Elle est dénoncée comme une menace pour la liberté d'informer: la loi sur le secret des affaires, qui transpose dans le droit français une directive européenne sur la protection des savoir-faire et des informations commerciales, a été validée jeudi par la Conseil constitutionnel.
Les Sages étaient saisis par plus de 120 députés et sénateurs de gauche (PS, PCF, La France insoumise), auxquels s'étaient joints une cinquantaine d'associations, de syndicats et de sociétés de journalistes.
Les requérants dénonçaient "une atteinte grave, excessive et injustifiée à la liberté d'expression et de communication". Ils contestaient notamment "une définition trop étendue du secret des affaires, notamment au regard de la protection des salariés".
Après plusieurs semaines de vifs débat animés par la gauche, les médias et des associations, le Parlement avait définitivement adopté le 21 juin la proposition de loi LREM transposant une directive européenne par 248 voix pour et 95 contre, toutes de gauche.
La loi a pour objectif de "protéger les entreprises contre le pillage d'innovations, lutter contre la concurrence déloyale", avait expliqué à l'Assemblée la ministre de la Justice Nicole Belloubet.
Les opposants doutent de leur côté que le texte soit utile aux PME et craignent surtout qu'il ne soit détourné de son objet pour museler les journalistes et les lanceurs d'alerte.
Plus d'une centaine de rédactions, d'ONG, de journalistes et sociétés de journalistes, avaient appelé Emmanuel Macron à modifier "un outil de censure inédit".
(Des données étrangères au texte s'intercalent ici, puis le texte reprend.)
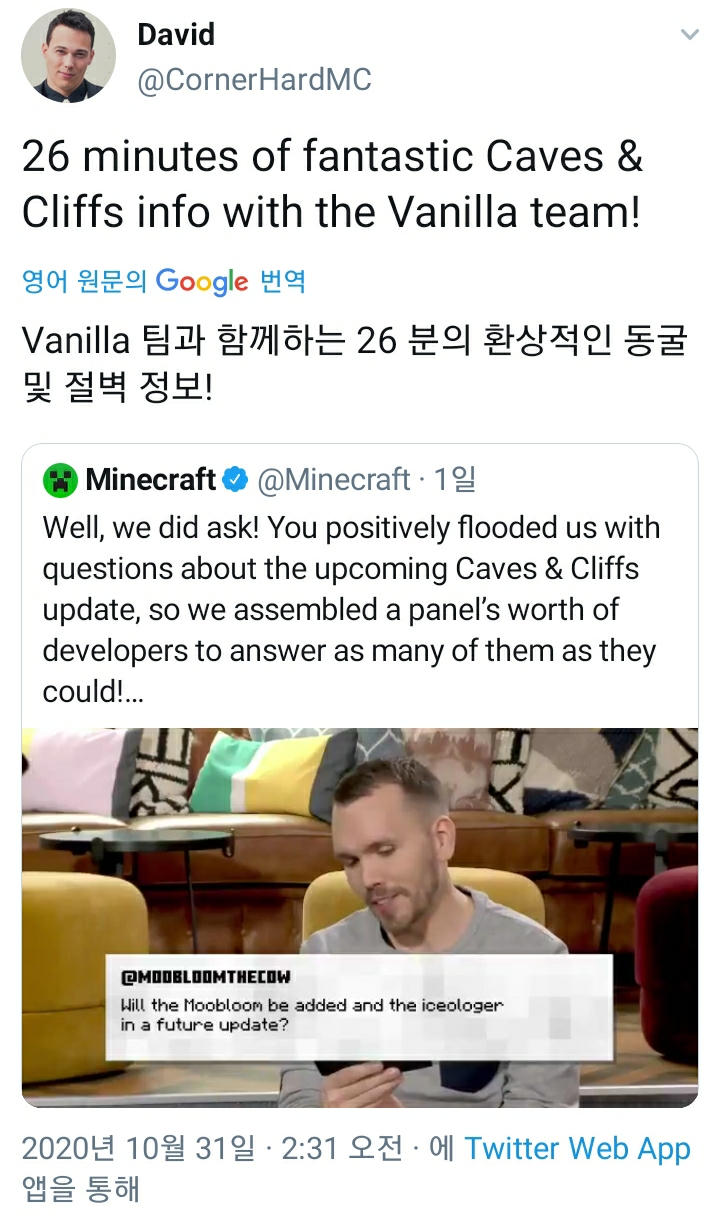 마인크래프트 바닐라팀과 26분동안 동굴과 절벽업데이트 정보를 유튜브링크를 통해서 알 수 있습니다.

Dans sa décision, le Conseil constitutionnel rappelle en préambule sa capacité limitée pour exercer son contrôle sur ce type de texte, l'article 88-1 de la Constitution posant la transposition des directives européennes dans le droit français comme "une exigence".
Les Sages peuvent cependant vérifier que la directive n'entre pas en contradiction avec "une règle ou un principe inhérent à l'identité constitutionnelle de la France".
Ils ont aussi la possibilité de déclarer non-conforme à la Constitution une disposition législative qu'ils jugeraient "manifestement incompatible avec la directive qu'elle a pour objet de transposer". Une hypothèse vite écartée, le texte français collant parfaitement à la directive européenne.
- "Droit d'alerte" -
Le Conseil a donc estimé qu'il ne lui appartenait pas de se prononcer sur le grief suivant lequel la directive transposée dans la loi méconnaîtrait la liberté d'expression et de communication. Une liberté protégée tant par la charte des droits fondamentaux de l'Union européenne que par la Déclaration des droits de l'Homme et du citoyen de 1789.
Toutefois, après avoir souligné que la directive confère aux Etats membres une marge d'appréciation, les Sages ont passé en revue les principales critiques portées sur le texte, notamment celles sur la liberté d'expression et de communication, pour mieux les écarter.
Ils ont notamment pointé à ce sujet l'existence d'une "exception à la protection du secret des affaires bénéficiant aux personnes physiques exerçant le droit d'alerte", mais aussi "à toute personne révélant, dans le but de protéger l'intérêt général et de bonne foi, une activité illégale, une faute ou un comportement répréhensible".
Sur la liberté d'entreprendre, ils ont estimé que les mesures de protection imposées aux entreprises pour revendiquer la protection du secret des affaires étaient "raisonnables" et pouvaient être appréciées en tenant compte des "circonstances", c'est-à-dire des moyens de l'entreprise.